Problem statement> Find "ಜಿಯೋ ವಿವಿಧ ರಿಚಾರ್ಜ್" below and begin at its line; stop after the line with "Tools Lite 复制并替换". Output those lines exactly, without pictures.
Data excerpts section start
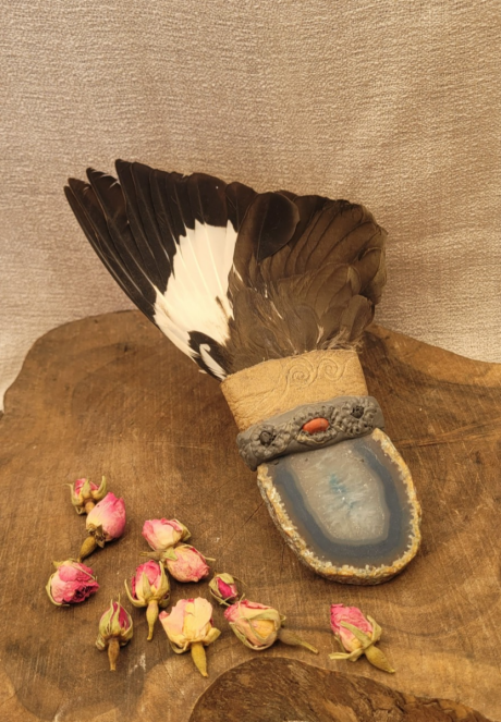 ידית המניפה כולה הינה מקריסטל אגת כחולה- אשר מעניקה לנו שלווה פנימית עמוקה ונעימה תוך חיזוק יכולת התקשורת באופן רגוע וזורם.משפיעה על צ'אקרת הגרון וטובה מאד לאיזון כללי בכל ההרבדים בדגש על יכולת הביטוי ועל היכולת לזמן אהבה ולהתחבר לעצמנו.
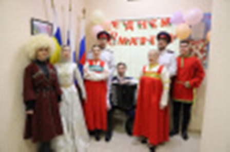 С самого утра в фойе Главного управления прекрасных представительниц УИС встречали их коллеги-мужчины. Праздничное настроение создавали участники творческого коллектива «Атаман» Ростовского института (филиала) ФГУВО «Всероссийский государственный университет юстиции» (РПА Минюста России) и народного ансамбля танца «Огни Кавказа» дворца культуры «Ростов-Досуг». Артисты ансамбля под мелодии гармониста пели для женщин песни, дарили им радость и весеннее настроение.
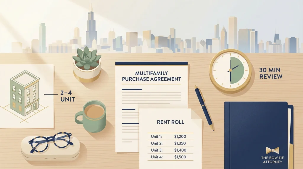 If you are about to write an offer on a Chicago multifamily property, The Bow Tie Attorney can run a fast legal review so you know whether this deal deserves more time or a polite no.
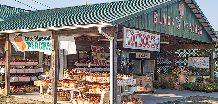 At the roadside market, fresh produce brims from open bins year-round. Tables and chairs prompt friendly conversation, and delectable baking smells perfume the place. “Probably 90% of [the produce] we sell here, we raise,” says Black. That includes peaches, strawberries, blueberries, blackberries, stake tomatoes, pumpkins, gourds, squash, beans, and round and square hay bales.
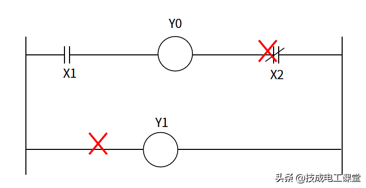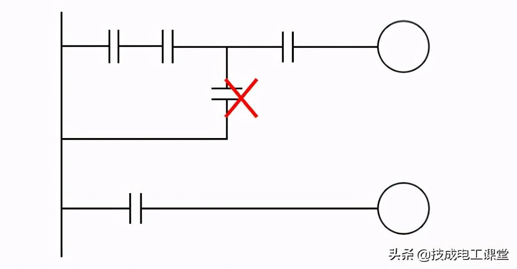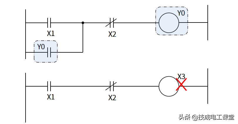 1、 触点不能接在输出线圈的右边;输出线圈也不能直接与左母线相连,必须通过触点连接。如下图所示。
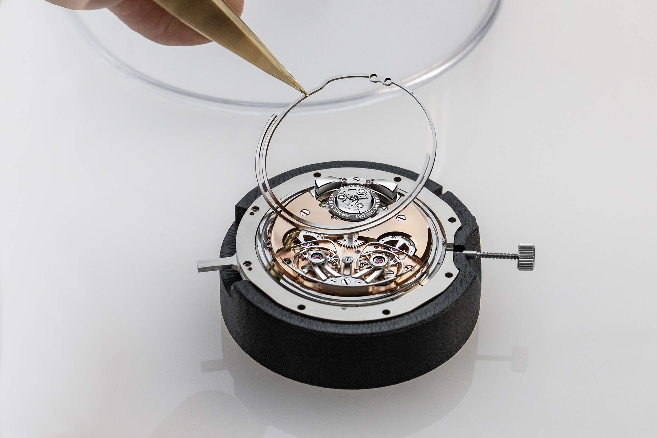 Design is pared back without losing character. The display is centred, the architecture openworked yet calmer, with softer lines and clear hierarchy: resonance system, quartet of hammers and gongs, and the governor. It feels considered rather than crowded.
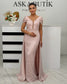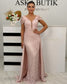 Divatos, hasított, szexi ruha, az elegancia és a szexiség tökéletes egyensúlyával✨ A V-nyak kiemeli a bájos vonalakat, a sál ujjú kialakítás kifinomultságot kölcsönöz, a teljes flitteres hímzésnek megvannak a maga kiemelései, a hasított szoknya pedig egy csipetnyi szexiséget rejt.
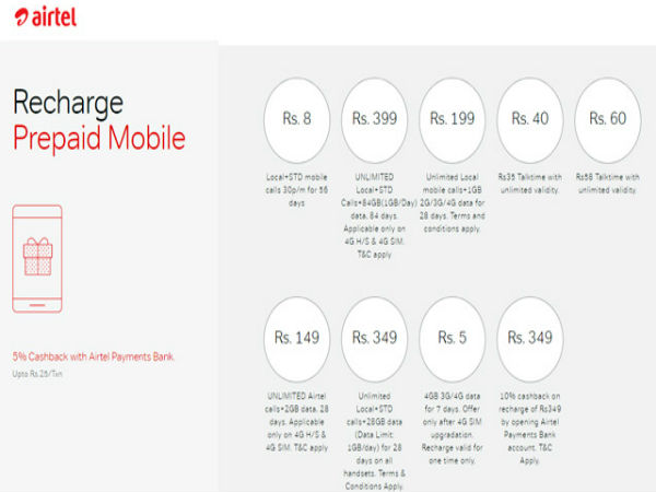 ಜಿಯೋ ವಿವಿಧ ರಿಚಾರ್ಜ್ ಗಳಿಗೆ ವಿವಿಧ ಆಫರ್ ಗಳನ್ನು ನೀಡಿತ್ತು, ಗ್ರಾಹಕರು ತಮ್ಮ ಆಯ್ಕೆಯ ರೀಚಾರ್ಜ್ ಮಾಡಿಸಿಕೊಳ್ಳಬಹುದಾಗಿತ್ತು. ಸದ್ಯ ಇದೇ ಮಾದರಿಯಲ್ಲಿ ಏರ್ಟೆಲ್ ಸಹ ವಿವಿಧ ಶ್ರೇಣಿಯ ರಿಚಾರ್ಜ್ ಪ್ಲಾನ್ಗಳನ್ನು ಬಿಡುಗಡೆ ಮಾಡಿದೆ.
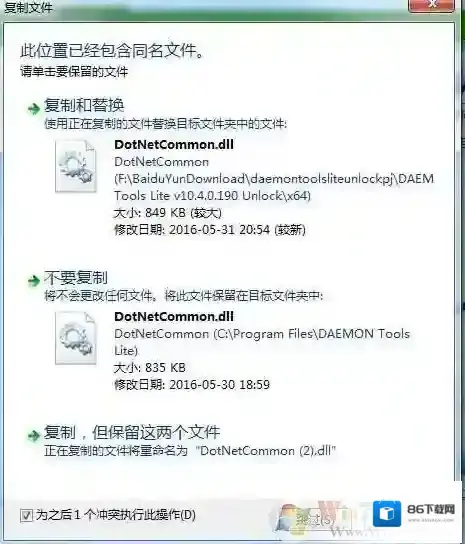 7、安装完成后,先不要运行,然后我们找到安装文件夹中的Win7X64 X32 按自己的系统版本选择,小编是64选择X64,进去复制文件,粘贴到daemon tools安装文件夹,小编的是C:Program FilesDAEMON Tools Lite 复制并替换
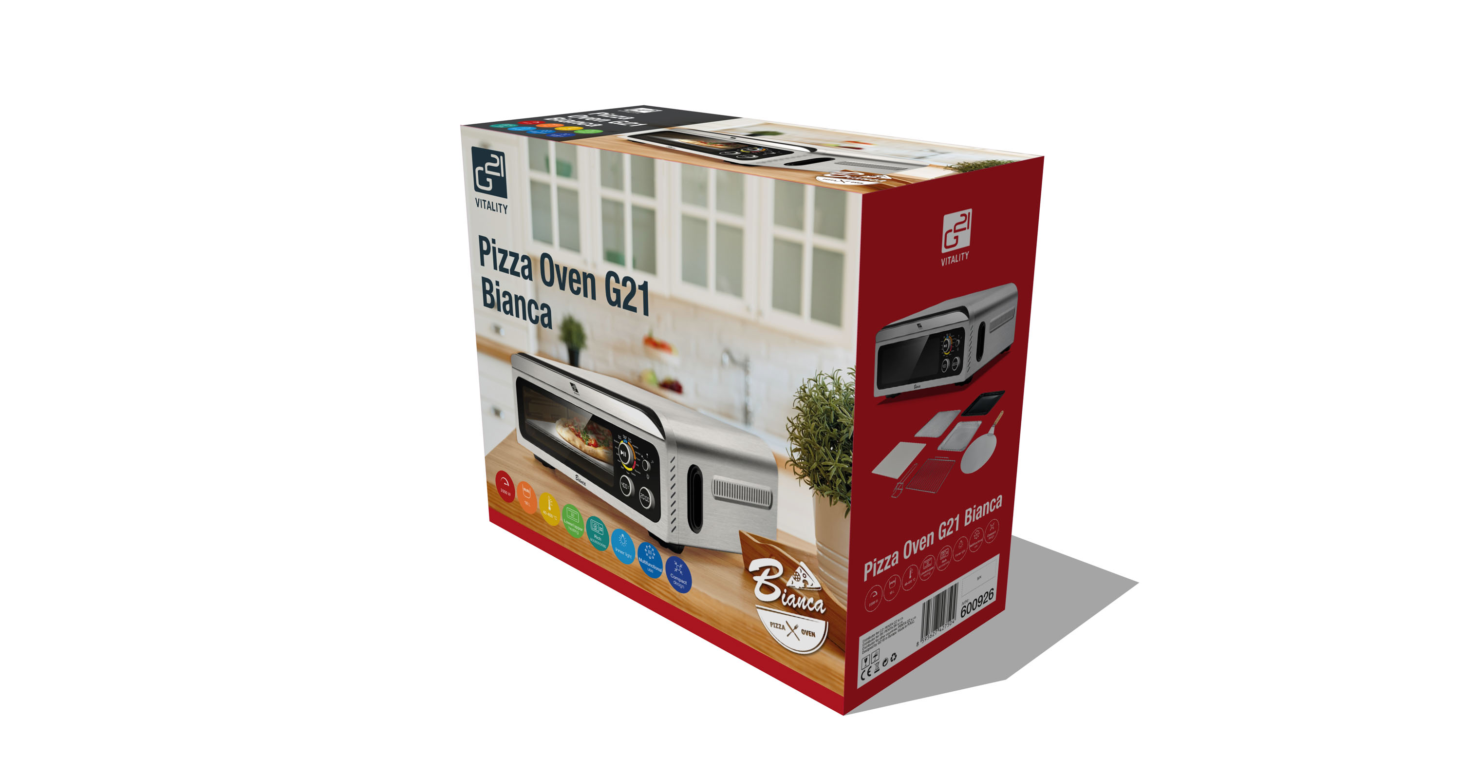 Připravujte nejen lahodnou pizzu o průměru až 28 cm, ale i širokou škálu dalších pokrmů s pomocí multifunkční pece na pizzu G21 Bianca z kvalitní nerezové oceli, která jí dodává odolnost a dlouhou životnost, a zároveň přináší moderní a stylový design, který se hodí do každé kuchyně.
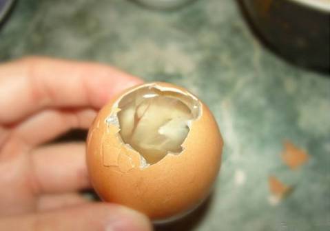 蛋白在最底下,因为鸡蛋已经孵化了一段时间,比较硬,一般是不吃的,据说不消化。
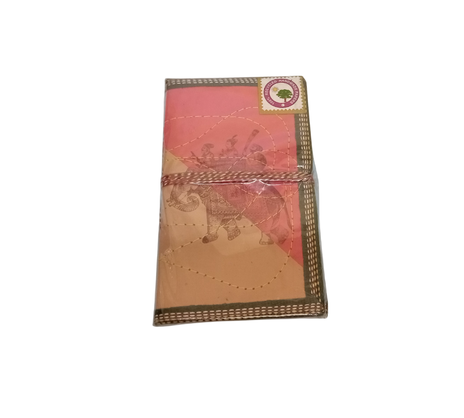 100% recycled eco-friendly handmade diary with Royal elephant print paper cover with Kantha work. Popularly used as a special diary for storing memories or spiritual notes. Also, a popular gift for all occasions.
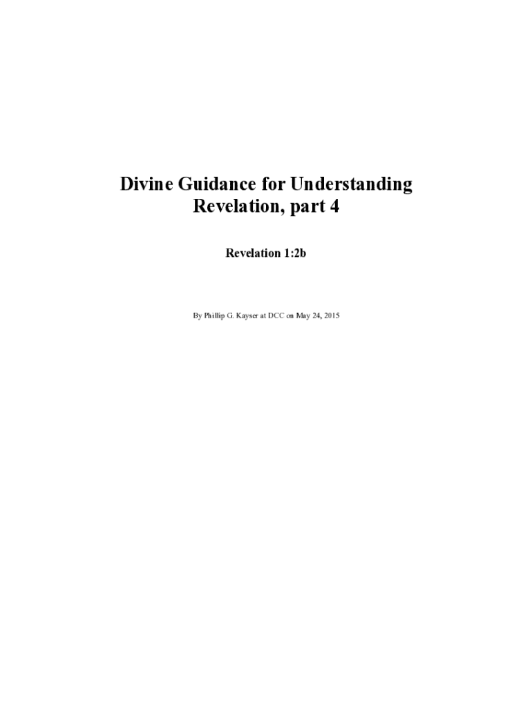 Divine Guidance for Understanding Revelation, part 4 Revelation 1:2bBy Phillip G. Kayser at DCC on May 24, 2015Divine Guidance for Understanding Revelation, part 4 Revelation 1:2b By Phillip G. Kayser
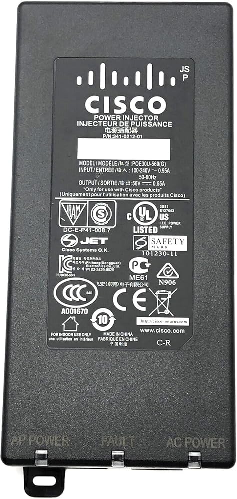 56V 0.55A 30W Power Injector AC/DC Adapter Supply for AiroNet 1140 2600 1040 1600 2600 Series
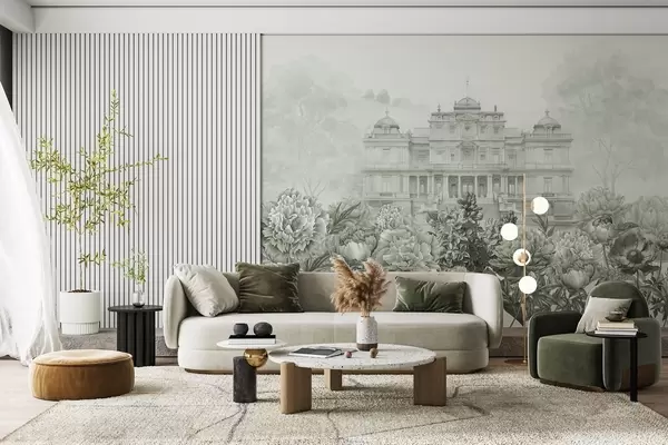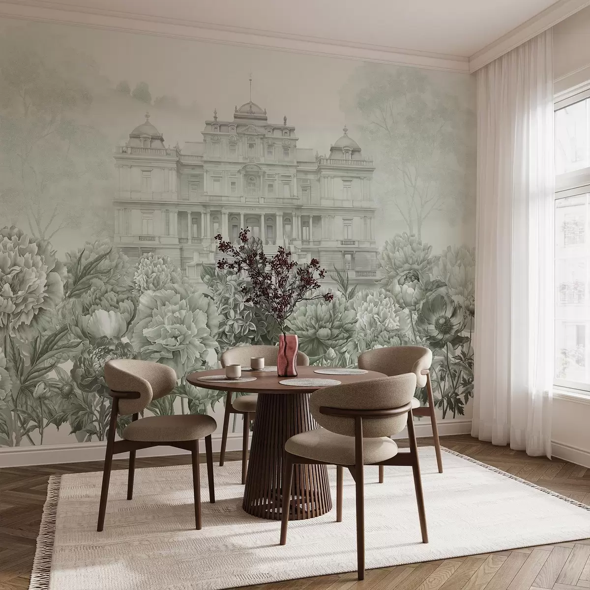 Wall Mural Photo Wallpaper Royal palace with peony garden, watercolor style, nature, green colors, boho Nr. w03552v2
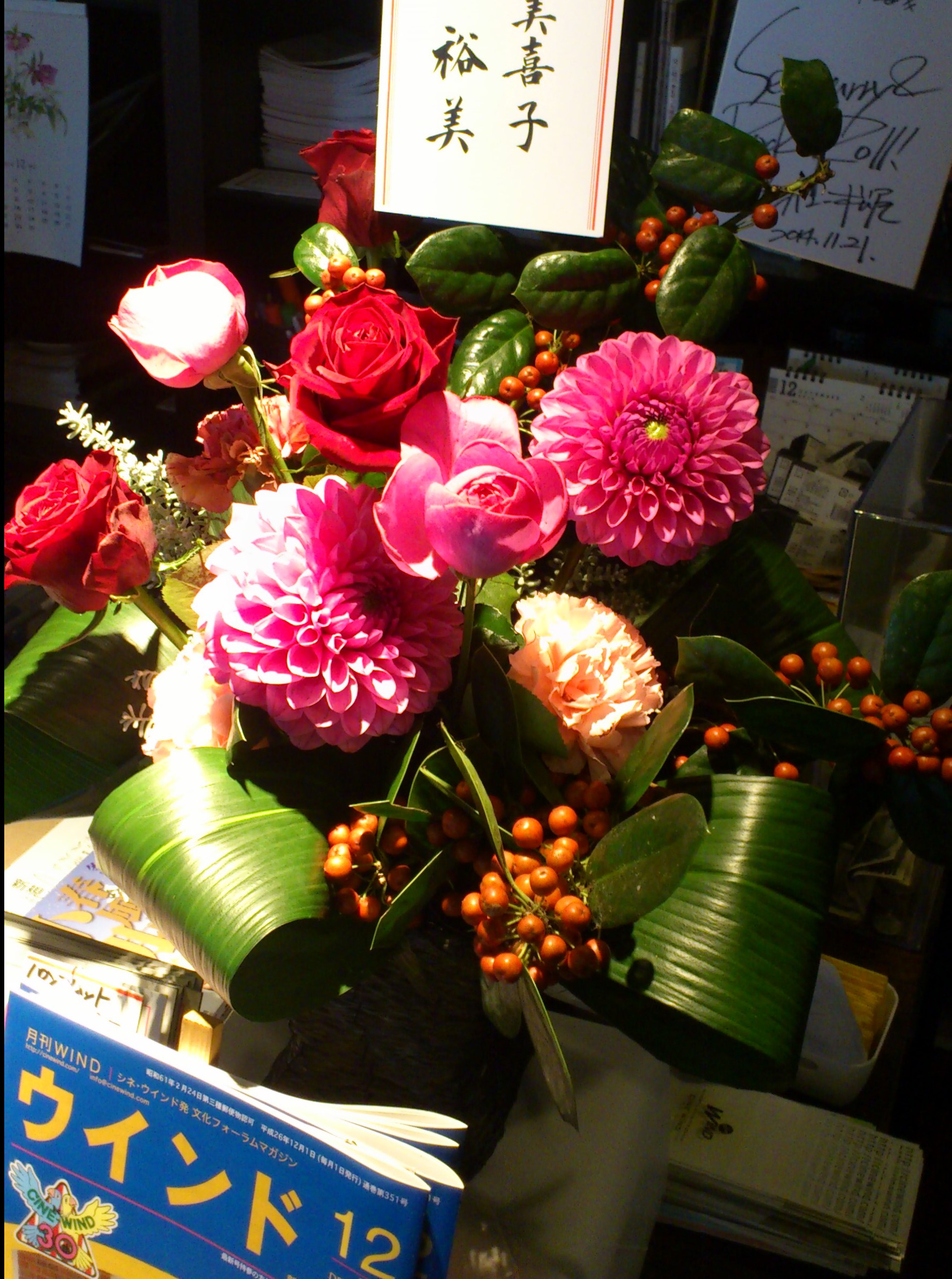 今朝、会員の方から、お祝いのお花が届きました。なんと立派な!
Data excerpts section end
Expected output>
 ಜಿಯೋ ವಿವಿಧ ರಿಚಾರ್ಜ್ ಗಳಿಗೆ ವಿವಿಧ ಆಫರ್ ಗಳನ್ನು ನೀಡಿತ್ತು, ಗ್ರಾಹಕರು ತಮ್ಮ ಆಯ್ಕೆಯ ರೀಚಾರ್ಜ್ ಮಾಡಿಸಿಕೊಳ್ಳಬಹುದಾಗಿತ್ತು. ಸದ್ಯ ಇದೇ ಮಾದರಿಯಲ್ಲಿ ಏರ್ಟೆಲ್ ಸಹ ವಿವಿಧ ಶ್ರೇಣಿಯ ರಿಚಾರ್ಜ್ ಪ್ಲಾನ್ಗಳನ್ನು ಬಿಡುಗಡೆ ಮಾಡಿದೆ.
 7、安装完成后,先不要运行,然后我们找到安装文件夹中的Win7X64 X32 按自己的系统版本选择,小编是64选择X64,进去复制文件,粘贴到daemon tools安装文件夹,小编的是C:Program FilesDAEMON Tools Lite 复制并替换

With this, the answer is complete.